> _AIM OF THE EXERCISE_
Please, without any pictures, set down exactly the part of the listing below that opens with the line containing "CMは「おいしい唐がらしソー" and closes with the line containing "According to the".
··· MATERIAL FOR THIS TASK
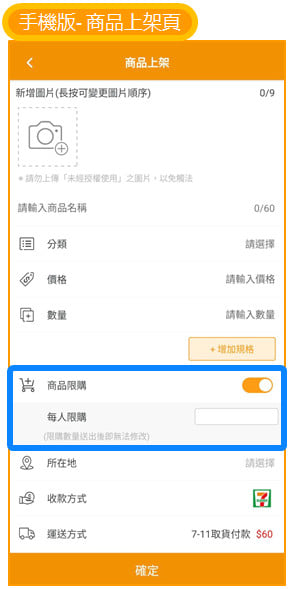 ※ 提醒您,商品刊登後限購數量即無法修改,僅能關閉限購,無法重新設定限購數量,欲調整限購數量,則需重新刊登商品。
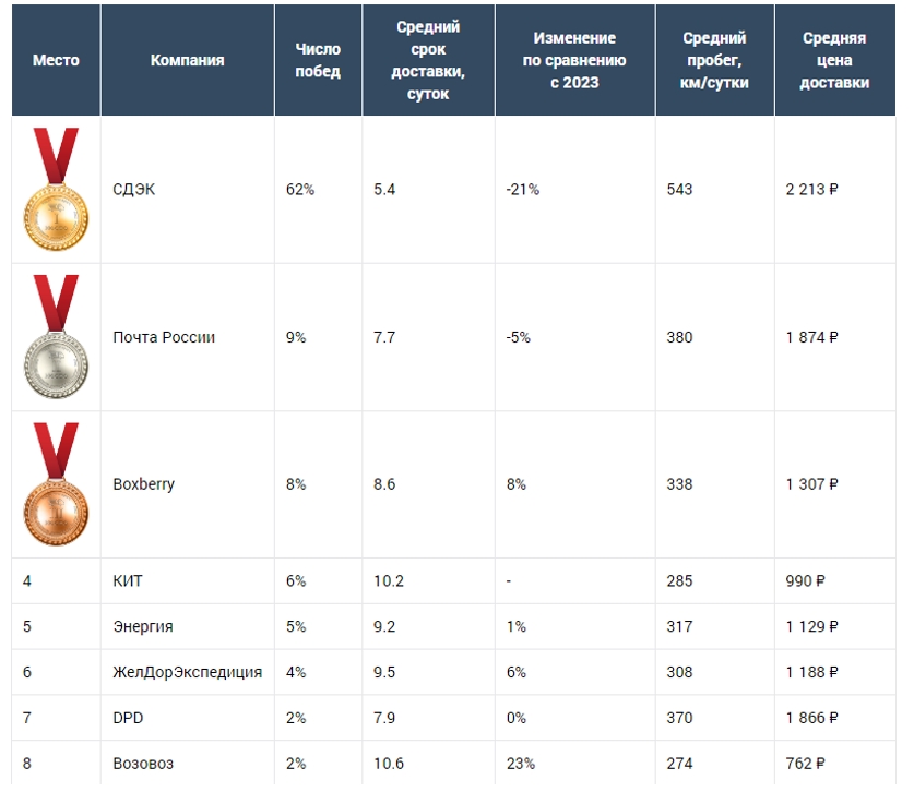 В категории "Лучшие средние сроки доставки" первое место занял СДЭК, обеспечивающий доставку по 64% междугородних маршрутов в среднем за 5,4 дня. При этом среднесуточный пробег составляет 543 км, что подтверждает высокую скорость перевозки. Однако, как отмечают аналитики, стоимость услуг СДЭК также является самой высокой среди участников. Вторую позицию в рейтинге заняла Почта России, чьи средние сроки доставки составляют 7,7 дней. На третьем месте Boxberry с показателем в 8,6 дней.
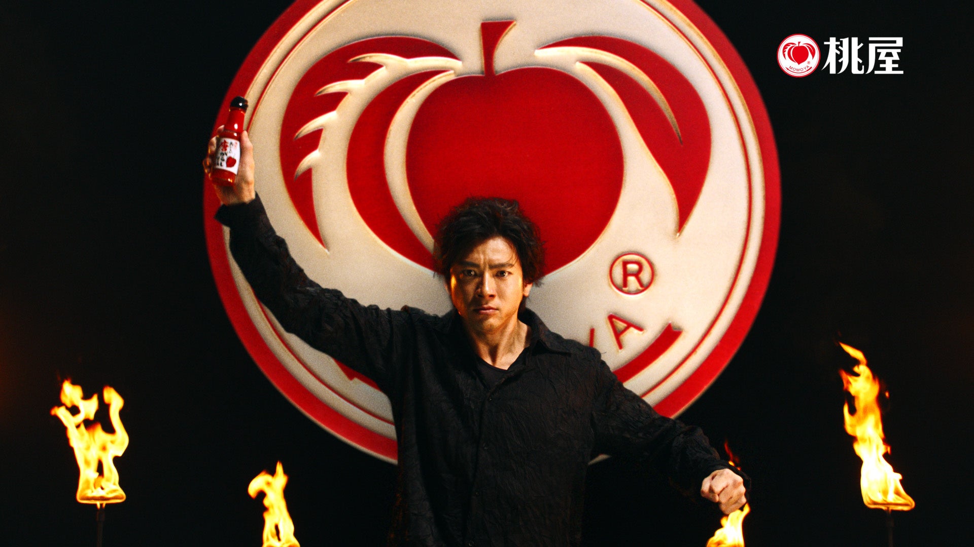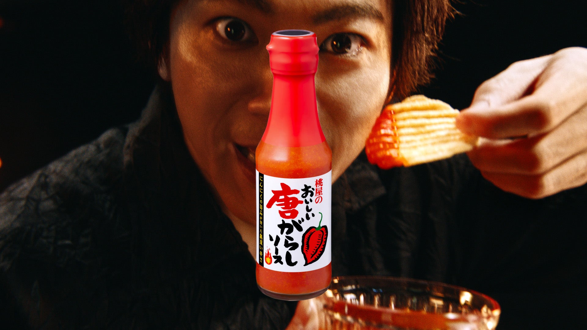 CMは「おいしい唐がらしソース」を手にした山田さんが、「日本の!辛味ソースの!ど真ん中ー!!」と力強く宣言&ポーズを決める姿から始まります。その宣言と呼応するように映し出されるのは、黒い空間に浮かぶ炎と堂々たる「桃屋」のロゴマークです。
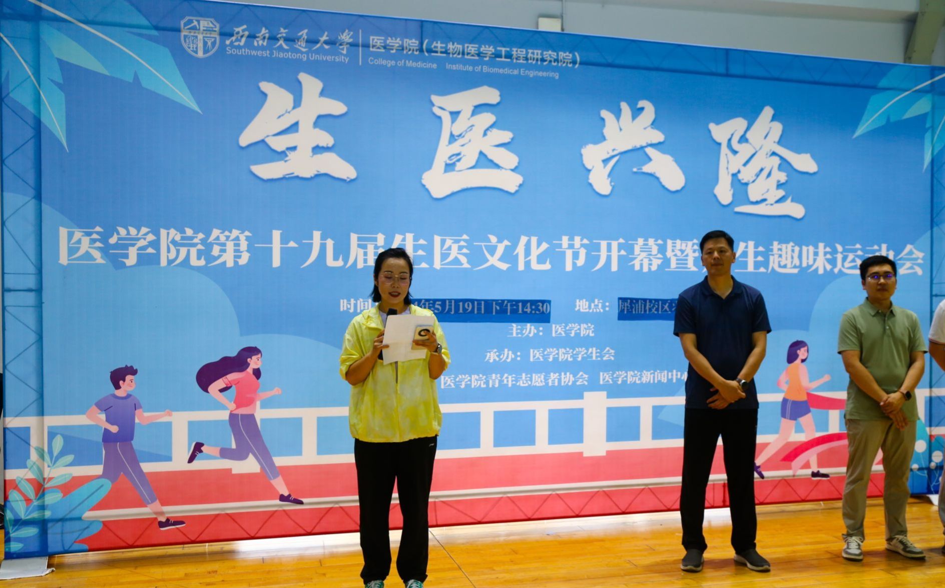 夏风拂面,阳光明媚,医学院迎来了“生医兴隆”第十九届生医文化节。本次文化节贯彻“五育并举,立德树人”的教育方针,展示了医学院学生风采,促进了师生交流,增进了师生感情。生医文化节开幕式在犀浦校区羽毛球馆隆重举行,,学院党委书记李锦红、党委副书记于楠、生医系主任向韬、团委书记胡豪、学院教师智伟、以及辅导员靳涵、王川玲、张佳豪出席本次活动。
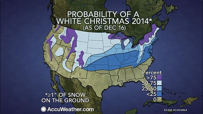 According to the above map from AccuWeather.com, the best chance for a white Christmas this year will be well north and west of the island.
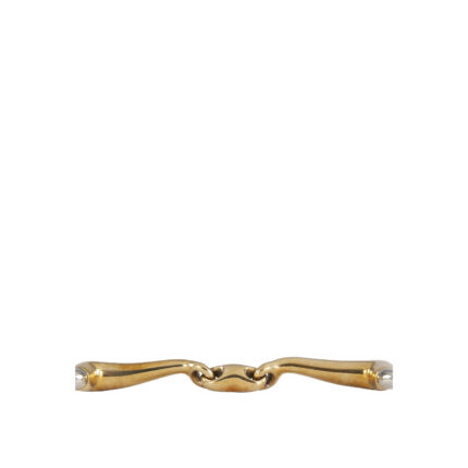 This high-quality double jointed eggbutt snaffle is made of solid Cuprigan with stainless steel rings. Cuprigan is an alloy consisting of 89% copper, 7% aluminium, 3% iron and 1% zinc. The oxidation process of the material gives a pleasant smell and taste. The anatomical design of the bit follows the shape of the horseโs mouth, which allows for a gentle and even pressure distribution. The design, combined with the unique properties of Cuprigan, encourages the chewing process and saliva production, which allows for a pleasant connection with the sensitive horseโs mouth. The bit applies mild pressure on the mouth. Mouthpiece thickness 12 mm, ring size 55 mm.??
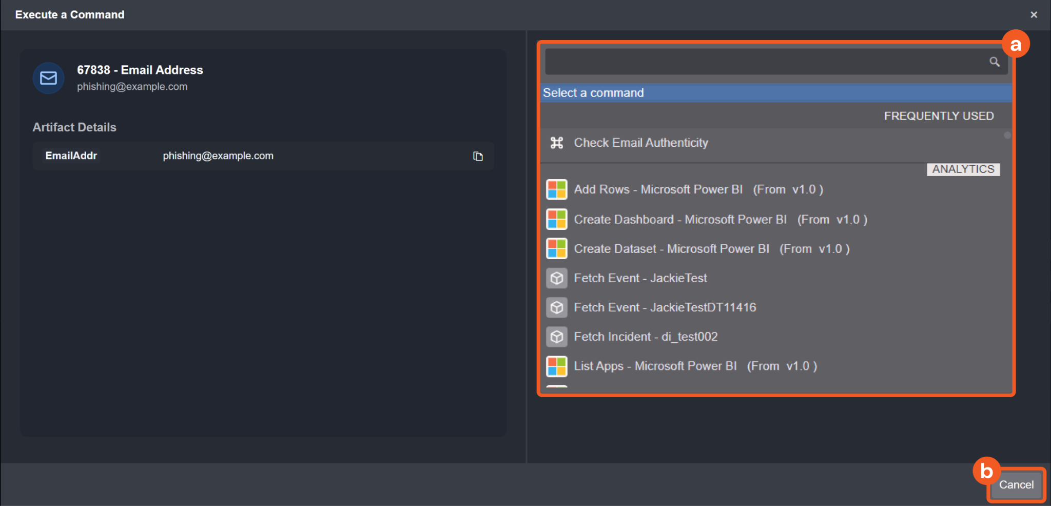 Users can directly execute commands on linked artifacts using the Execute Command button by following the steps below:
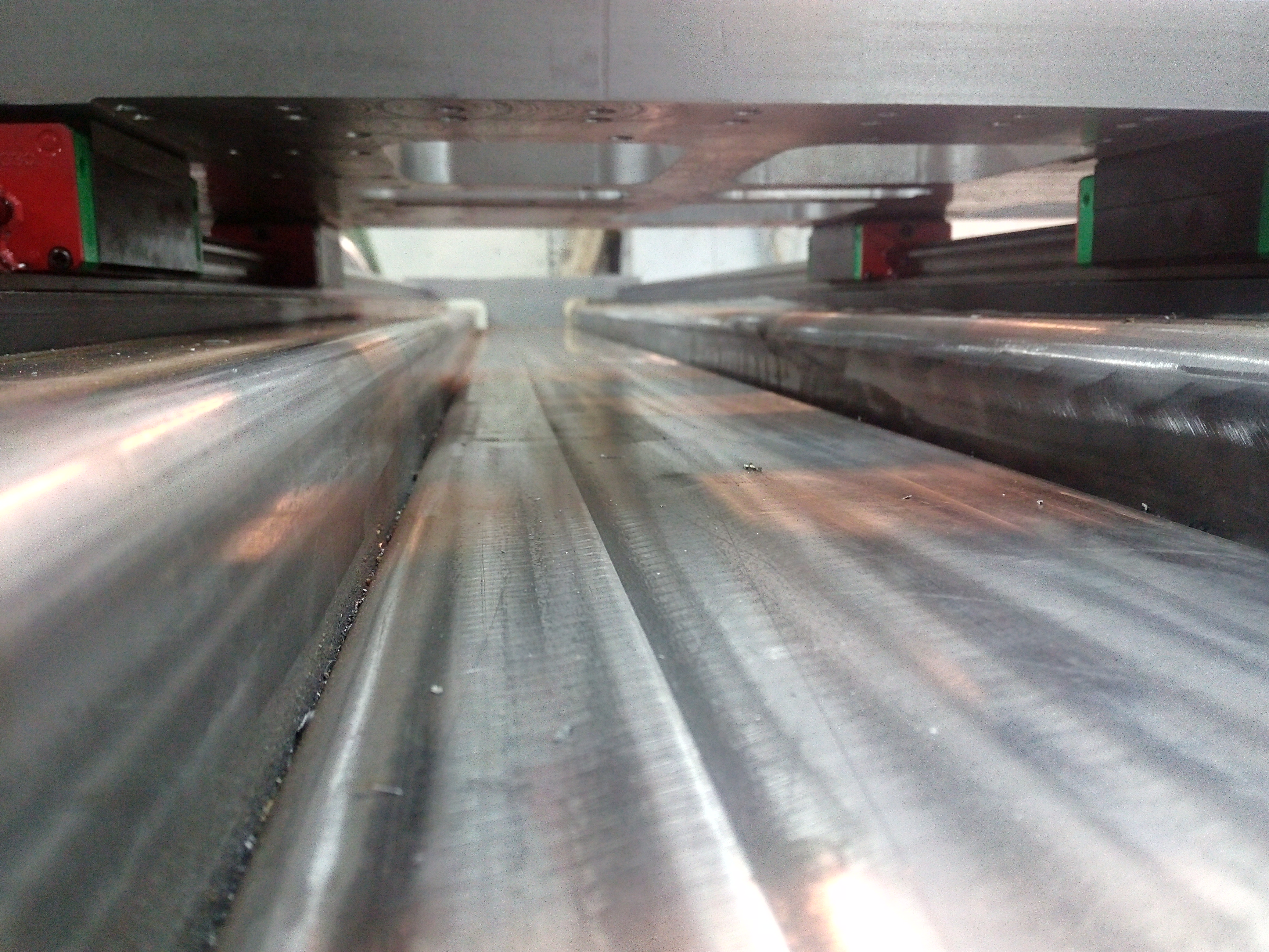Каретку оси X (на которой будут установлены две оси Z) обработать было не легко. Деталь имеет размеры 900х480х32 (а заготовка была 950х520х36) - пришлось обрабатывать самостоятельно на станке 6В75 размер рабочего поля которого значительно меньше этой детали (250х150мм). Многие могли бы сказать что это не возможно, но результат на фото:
······
··· MATERIAL FOR THIS TASK
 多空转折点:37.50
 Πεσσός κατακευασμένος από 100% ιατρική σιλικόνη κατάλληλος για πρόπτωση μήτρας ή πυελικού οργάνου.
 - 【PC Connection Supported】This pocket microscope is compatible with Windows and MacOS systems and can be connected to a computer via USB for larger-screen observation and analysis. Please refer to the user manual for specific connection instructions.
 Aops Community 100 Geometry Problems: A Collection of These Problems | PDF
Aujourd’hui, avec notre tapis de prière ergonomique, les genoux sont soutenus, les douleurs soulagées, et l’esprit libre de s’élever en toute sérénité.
······
> _ANSWER AREA_
 CMは「おいしい唐がらしソース」を手にした山田さんが、「日本の!辛味ソースの!ど真ん中ー!!」と力強く宣言&ポーズを決める姿から始まります。その宣言と呼応するように映し出されるのは、黒い空間に浮かぶ炎と堂々たる「桃屋」のロゴマークです。
 夏风拂面,阳光明媚,医学院迎来了“生医兴隆”第十九届生医文化节。本次文化节贯彻“五育并举,立德树人”的教育方针,展示了医学院学生风采,促进了师生交流,增进了师生感情。生医文化节开幕式在犀浦校区羽毛球馆隆重举行,,学院党委书记李锦红、党委副书记于楠、生医系主任向韬、团委书记胡豪、学院教师智伟、以及辅导员靳涵、王川玲、张佳豪出席本次活动。
 According to the above map from AccuWeather.com, the best chance for a white Christmas this year will be well north and west of the island.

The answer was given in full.